→ SUPPLIED RECORDS

* * * * * * *

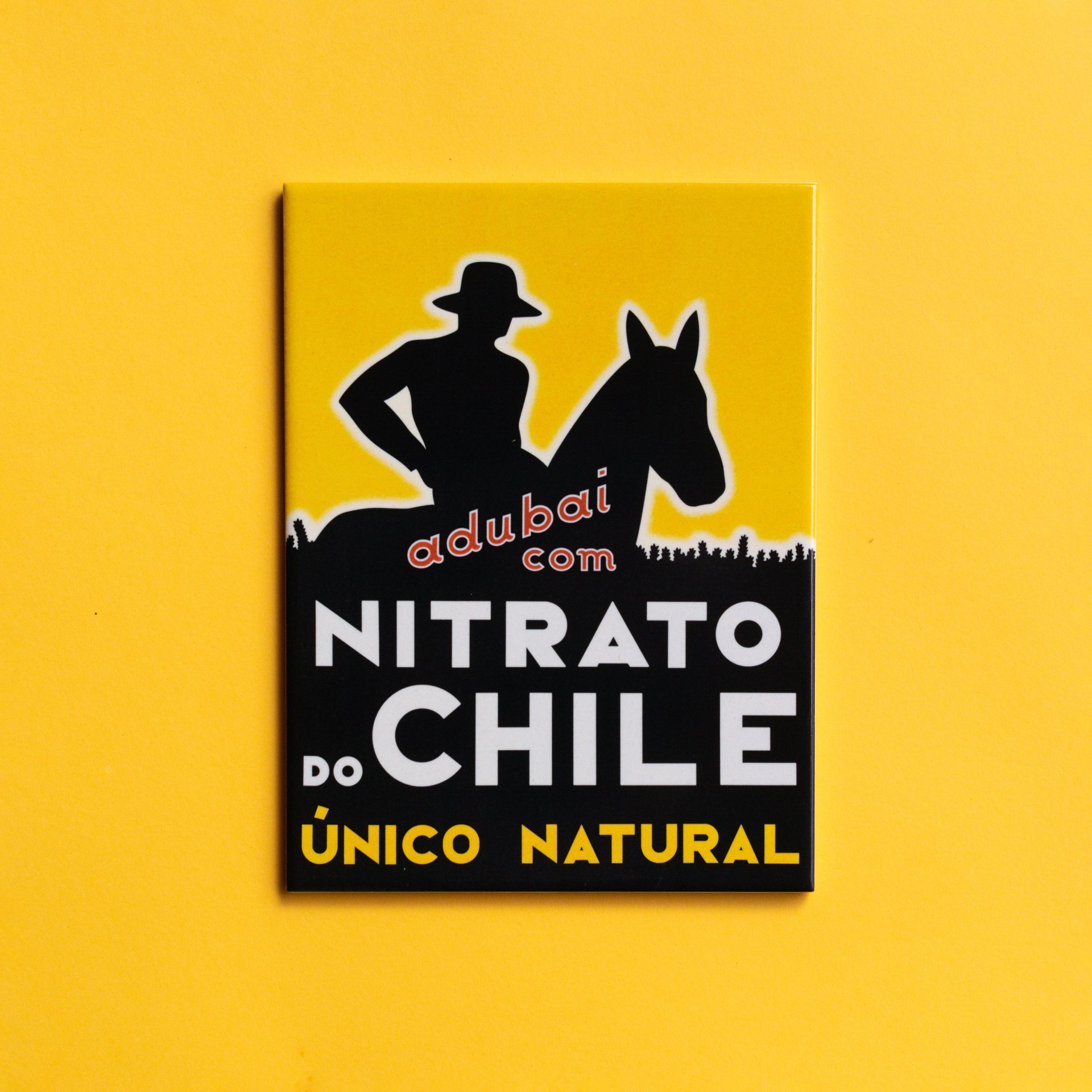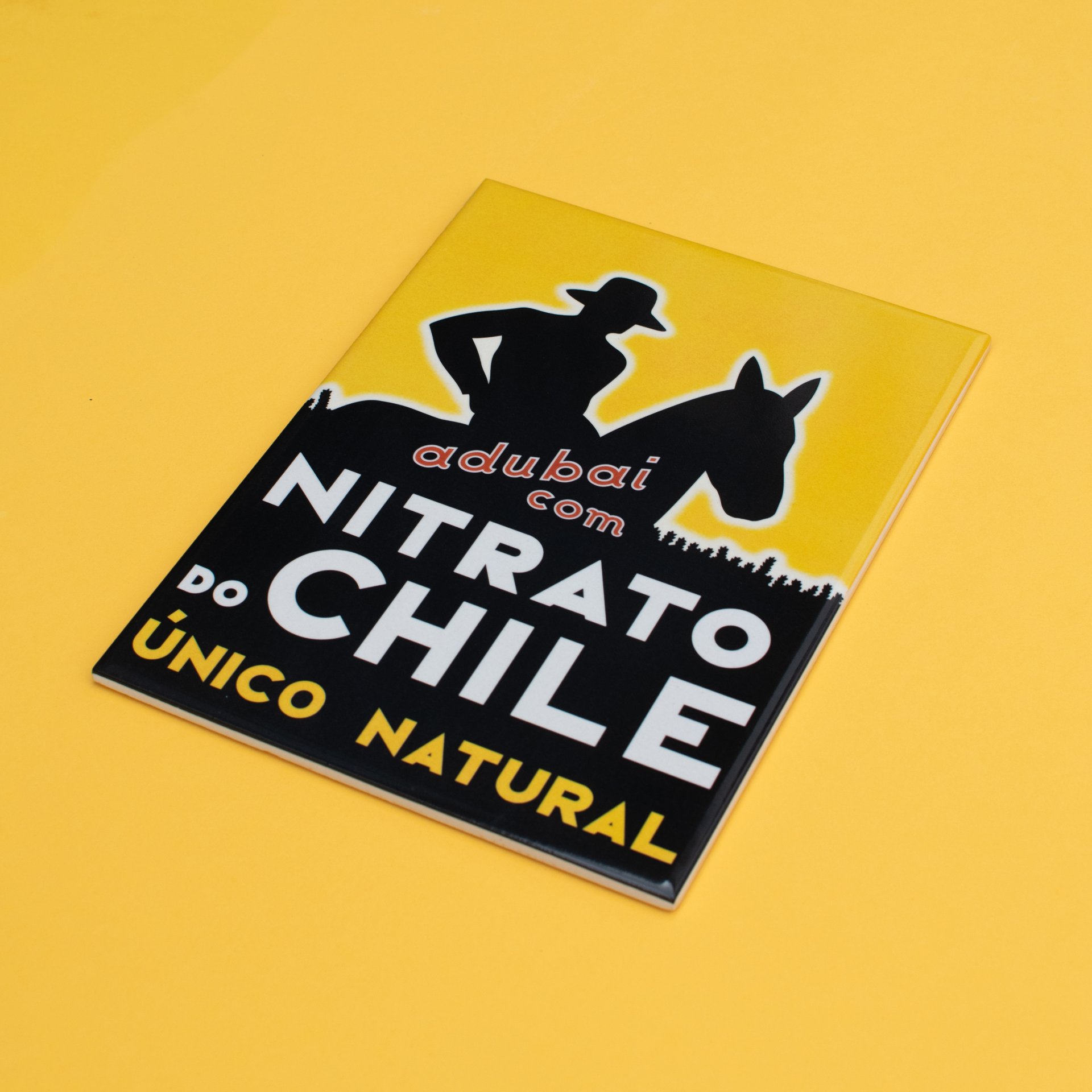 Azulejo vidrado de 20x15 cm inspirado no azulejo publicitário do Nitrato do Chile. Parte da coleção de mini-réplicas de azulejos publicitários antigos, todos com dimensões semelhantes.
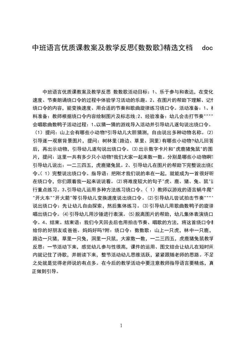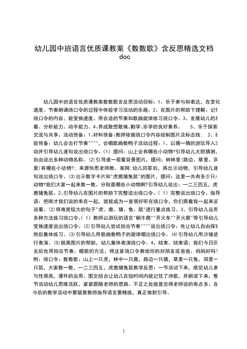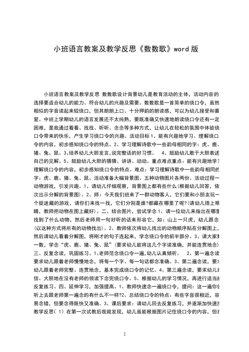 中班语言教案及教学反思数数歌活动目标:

* * * * * * *

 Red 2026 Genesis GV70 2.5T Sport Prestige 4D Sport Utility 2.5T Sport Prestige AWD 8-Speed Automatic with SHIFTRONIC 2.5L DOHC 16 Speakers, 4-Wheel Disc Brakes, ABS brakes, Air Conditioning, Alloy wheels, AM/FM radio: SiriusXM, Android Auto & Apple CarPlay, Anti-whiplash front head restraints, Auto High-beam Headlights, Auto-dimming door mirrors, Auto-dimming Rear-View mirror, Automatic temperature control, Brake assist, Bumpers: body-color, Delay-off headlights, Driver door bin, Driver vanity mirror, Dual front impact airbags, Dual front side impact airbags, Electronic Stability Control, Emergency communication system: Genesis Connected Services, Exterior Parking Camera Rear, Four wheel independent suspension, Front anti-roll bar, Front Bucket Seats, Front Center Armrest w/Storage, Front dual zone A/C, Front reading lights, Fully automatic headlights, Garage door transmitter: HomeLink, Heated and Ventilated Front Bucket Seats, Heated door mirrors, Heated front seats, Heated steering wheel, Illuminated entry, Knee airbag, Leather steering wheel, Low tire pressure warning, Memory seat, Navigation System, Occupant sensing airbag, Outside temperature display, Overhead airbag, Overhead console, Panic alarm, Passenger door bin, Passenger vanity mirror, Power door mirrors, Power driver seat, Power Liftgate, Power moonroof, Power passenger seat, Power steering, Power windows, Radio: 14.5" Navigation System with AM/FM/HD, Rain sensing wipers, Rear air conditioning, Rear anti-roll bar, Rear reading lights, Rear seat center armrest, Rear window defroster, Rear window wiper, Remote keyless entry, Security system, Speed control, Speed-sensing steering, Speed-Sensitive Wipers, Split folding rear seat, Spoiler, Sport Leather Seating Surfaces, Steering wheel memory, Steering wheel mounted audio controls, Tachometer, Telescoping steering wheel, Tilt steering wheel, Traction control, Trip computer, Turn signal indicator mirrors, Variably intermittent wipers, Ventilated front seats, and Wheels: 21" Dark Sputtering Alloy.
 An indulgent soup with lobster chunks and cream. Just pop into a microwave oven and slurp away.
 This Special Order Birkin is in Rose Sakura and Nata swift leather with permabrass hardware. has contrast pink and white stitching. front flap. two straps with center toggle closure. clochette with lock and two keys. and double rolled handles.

* * * * * * *

→ ABOUT THIS TASK
Of the lines above, retype only those from the line containing "An indulgent soup" through the line containing "This Special Order", including both, exactly.

→ TASK RESPONSE
 An indulgent soup with lobster chunks and cream. Just pop into a microwave oven and slurp away.
 This Special Order Birkin is in Rose Sakura and Nata swift leather with permabrass hardware. has contrast pink and white stitching. front flap. two straps with center toggle closure. clochette with lock and two keys. and double rolled handles.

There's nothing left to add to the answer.